– Естественно. Он же Невидимый. Зато сколько экспрессии! И
потом, Невидимый – стержень, двигатель действия. А в роли наемных убийц вы
сможете продемонстрировать свои блестящие навыки сабельного боя. Вы сами
рассказывали, что в юнкерском училище шли первым по фехтованию.
Девяткин, польщенный комплиментами, кивнул, но как-то
неуверенно.
– Японское фехтование существенно отличается от з-западного,
– заметил Фандорин, вновь начавший заикаться. – Здесь потребуется некоторая
подготовка.
– Да, проблема, которая меня беспокоит, это японские реалии.

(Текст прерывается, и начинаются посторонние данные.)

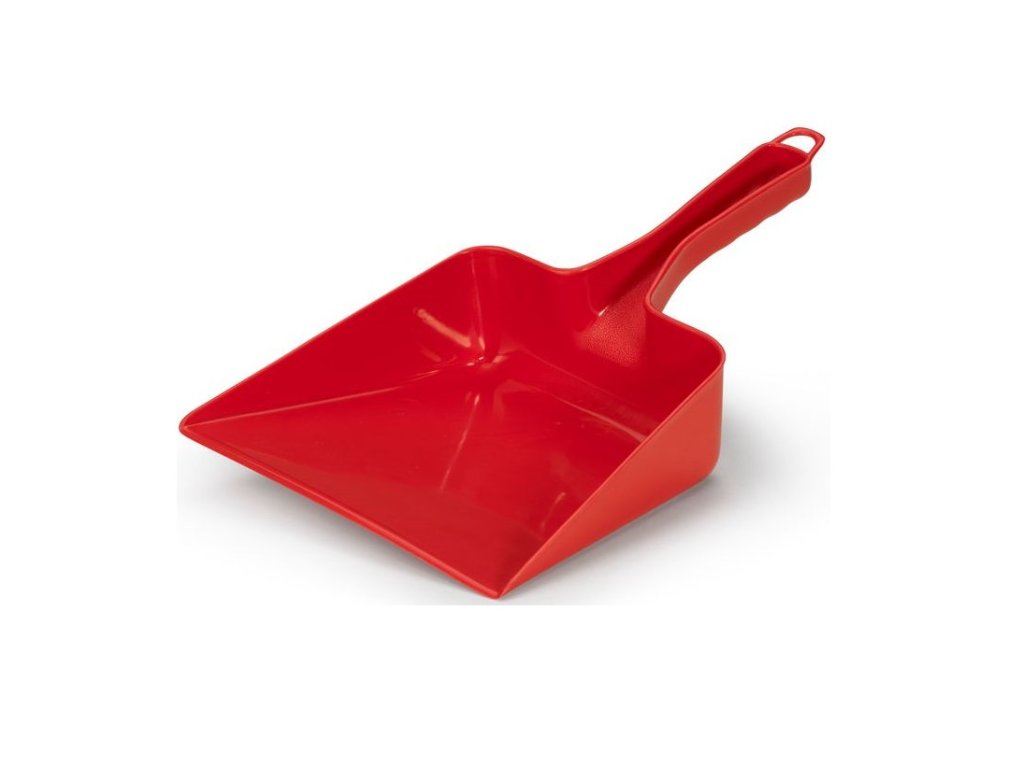 Czerwona plastikowa łopatka z pętelką do zawieszania. Szufelkę można przymocować do trzonka od miotły. Oferujemy również w kolorze białym i niebieskim.

Все эти жесты, музыкальные инструменты, песни, пластика и прочее. Надо будет
где-нибудь найти живого японца и взять его в консультанты. Я не могу себе
позволить ставить клюкву вроде миланской постановки «Мадам Баттерфляй». – Штерн
озабоченно нахмурился, но автор пьесы его успокоил:
– Естественно, я подумал об этом. Во-первых, я сам неплохо
разбираюсь в японских материях. А во-вторых, я привел к вам японца. Он ждет в
вестибюле.
Все так и ахнули, а Элиза подумала: этот человек кудесник,
ему не хватает только усеянного звездами плаща и волшебной палочки. Подумать
только – водит с собой настоящего живого японца!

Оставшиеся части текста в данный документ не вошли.